Another process for trying to understand why your baby died is a review of the care that mother and baby received. This includes care during pregnancy, during labour or after birth. This is a part of standard NHS care and all baby deaths should be reviewed.  There are different types of review

  • There should be a hospital review of care for all babies who die after 22 weeks of pregnancy, regardless of what may be the cause of death. In England, Wales and Scotland this should follow a review process called the Perinatal Mortality Review Tool (PMRT)
  • If it is thought something may have gone wrong with the quality of NHS care, the hospital should carry out a Serious Incident Investigation (SII)
  • In England, an external body called the Healthcare Safety Investigation Branch (HSIB) will carry out an investigation for babies born at 37 weeks or later.

11. Coroner investigations

When a newborn dies the hospital must, by law, inform the coroner. In Northern Ireland stillbirths and neonatal deaths must be reported to the coroner.

It is not common for a coroner to open an inquest into the death of a newborn in hospital but if they do, they may ask for a post-mortem.

If the coroner is concerned about the circumstances of the baby’s death being suspicious, they will open an investigation and then possibly an inquest, which is a fact-finding inquiry around a death. The results may not be ready for up to 12 weeks, and sometimes may take even longer than this.

If there is an inquest, a baby’s parents will be given the details of when and where it will take place. You may be called in as a witness, in which case you must attend. There may be healthcare professionals called in as witnesses too. You can ask any questions you have at the inquest.

Once all investigations are over, the coroner will inform the Registrar of Births and Deaths. You will then be able to have the certificates that you need to organise your baby’s funeral.

10. When is a post-mortem obligatory?

If your baby died after birth and the cause of death is not clear, the doctor looking after your baby must, by law, refer the case to a coroner (in England, Wales and Northern Ireland) or to a procurator fiscal (in Scotland). The coroner can order a post-mortem without parental consent, though this does not happen in all cases. In Northern Ireland, the coroner may also order a post-mortem when a baby has died before birth and the cause of death is uncertain.

9. Does a post-mortem examination include genetic testing?

With your consent, as part of a post-mortem examination, a piece of tissue about the size of a postage stamp or a blood sample can be taken which can then be stored and/or sent to test for conditions in your baby’s DNA, also known as genetic testing. Any samples stored can be sent for testing in the future and can help provide information for future pregnancies.
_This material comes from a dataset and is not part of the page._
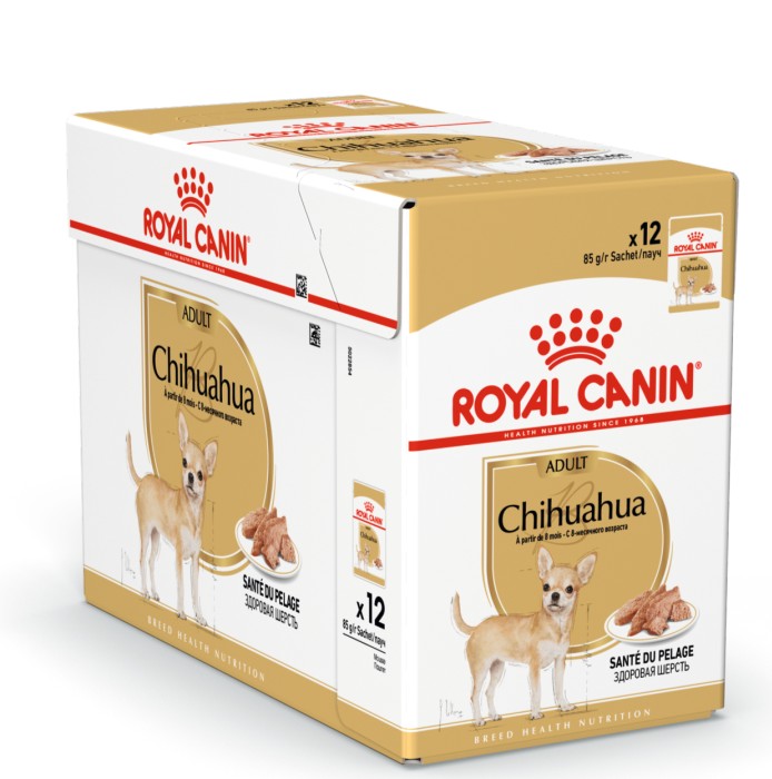 ROYAL CANIN® Chihuahua paté (loaf) är utvecklad med en speciellt anpassad konsistens för att öka smakligheten och tillfredsställa aptiten hos även de mest kräsna chihuahuas. Paténs mjuka konsistens är också idealisk för käkarna hos en mycket småvuxen ras – så som chihuahuan – för att underlätta tuggandet och stödja optimalt foderintag och matsmältning.

In England, Wales and Northern Ireland human tissue samples can be stored with your consent only. In Scotland, samples automatically form part of the medical record.

Genetic testing may be especially useful if your baby had a condition relating to how cells in his or her body were formed or if the doctors think that you or your partner carry a genetic disorder.

If you think you may have another baby in the future, genetic testing may be particularly useful for assessing the risk of the same thing happening again. Depending on when your baby died, genetic testing may also be able to confirm their gender.